For instance, the ADP report, which came out on Wednesday, was a lot softer than the market expectation. The data came in at 117K, against the forecast of 195K. Similarly, University of Michigan Consumer Sentiment Index also fell. There was also the echo of weak economic data in the ISM Services.

However, some traders are not fully losing their hopes, and they believe that there are certain signs that are indicating that we may get a strong reading today. If we do get a stellar reading, it may push the dollar index even higher. 

The economic reading that is giving them confidence is the Continuing Claims data. This is not only more frequent data, but it also provides an early picture of the US labour market.

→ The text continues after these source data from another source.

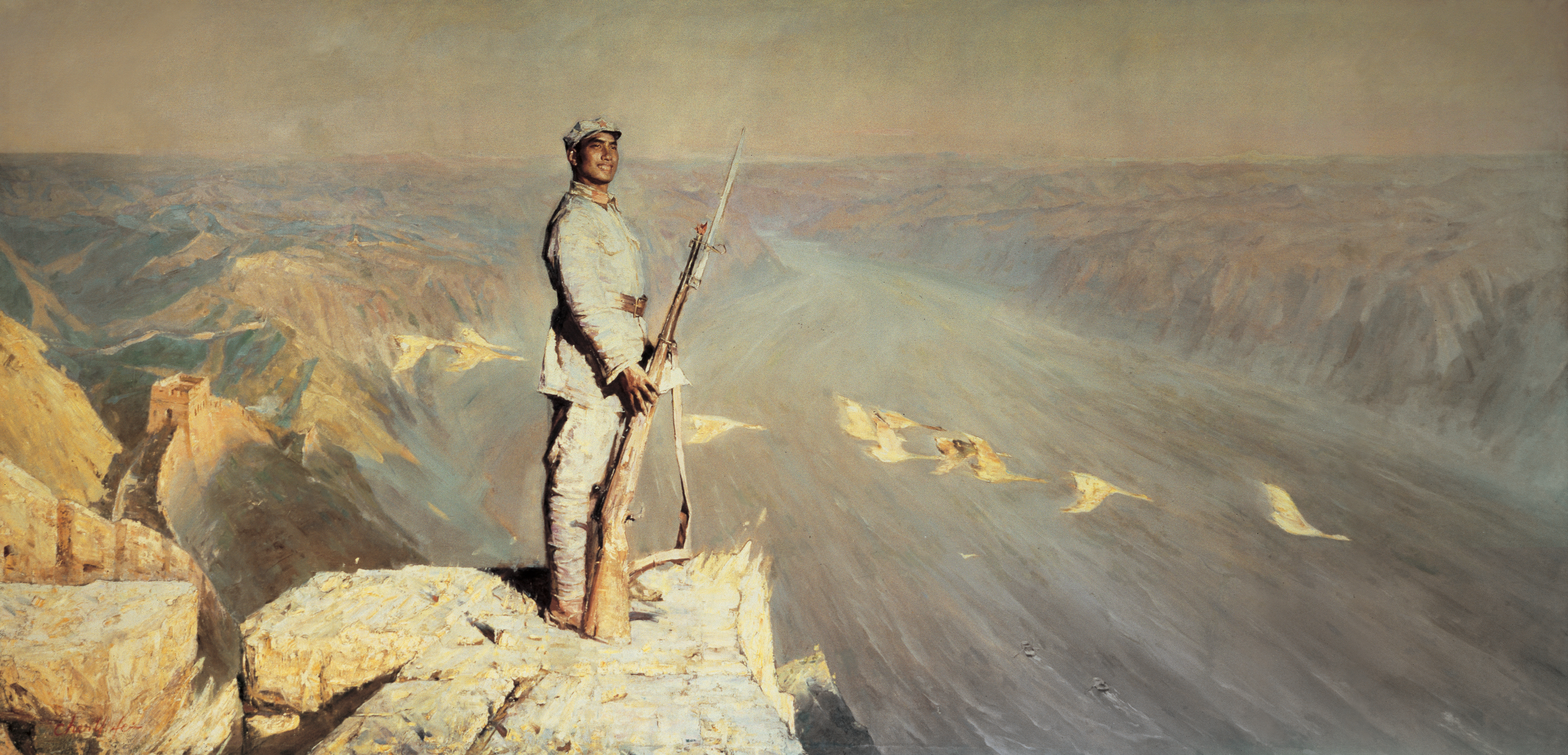 《黄河颂》在苍茫天地间奏响民族精神的铿锵回响,于1977年「全军美术作品展」首次展出便引起轰动,被誉为陈逸飞历史主题创作的巅峯之作;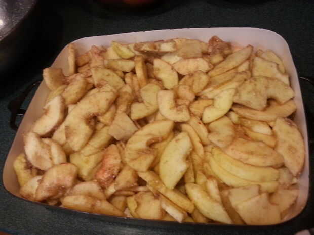 Paso 1: Primer pre calentar más a 375Paso 2: Cortar las manzanas Cortar las manzanas en cuartos y luego sacar las semillas.Paso 3: Añadir la canela y una pequeña palmadita de la mantequilla cada cuarto.Paso 4: Añadir un zumo de manzana dentro de la c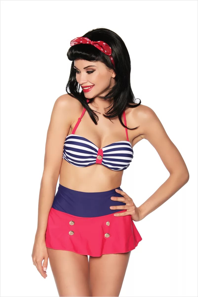 Pin-up swimsuit with a high waist and flirty skirt with ruffles looks very elegant. Such panties emphasize the waist, visually making her slimmer and sleeker. Wide straps on the bodice support the chest well and give a highlight to the image.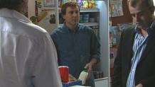 In the aftermath of Carla's departure, their flat has been completly trahsed but Tony has no wish to sort both the flat or himshelf out and when The Factory girls arrive to find Underworld locked, Maria tells them what happened but when Julie heads round to see if Tony alright he find him ina shocking state but slams the door in her face. Tina's problems over the David and Gary situation hit home when Len threatens her in The Kabin.

What we have learned so far from the Continuing Claims data is that the employment situation has started to improve as Americans are returning to work. Of course, a lot of this is mainly due to the fact we have seen a lot of success with the coronavirus vaccine. 

So, one major question that traders are asking themselves in the light of this data is how will the Fed adjust their policy?

Jerome Powell, the Fed Chairman, said it very clearly that the Fed is in no rush in increasing the interest rate, and the surge in inflation is only going to be temporary. He also indicated that the Fed has the ability to adopt according to the market condition. This means we could see operation twist—where the Fed plays with the short-term bond yield curve to stabilise the bond yields.

The asset that is prone to enormous volatility today is the yellow metal, gold. The precious metal is struggling to hold onto any gains.

Despite the massive sell off in the equity markets, we are failing to see any love for the yellow metal. Basically, gold prices are in a very tight spot. Yesterday, we saw the gold price violating another important psychological support level i.e. the $1,700 price mark.  

Speaking from a technical perspective, there is no doubt that gold prices are way oversold, and a rebound is strongly on the cards. This particular rebound could take place today if the US NFP fails to impress the market. The most immediate support zone for the good price  is between 1681 to 1641. While the resistance is at 1805.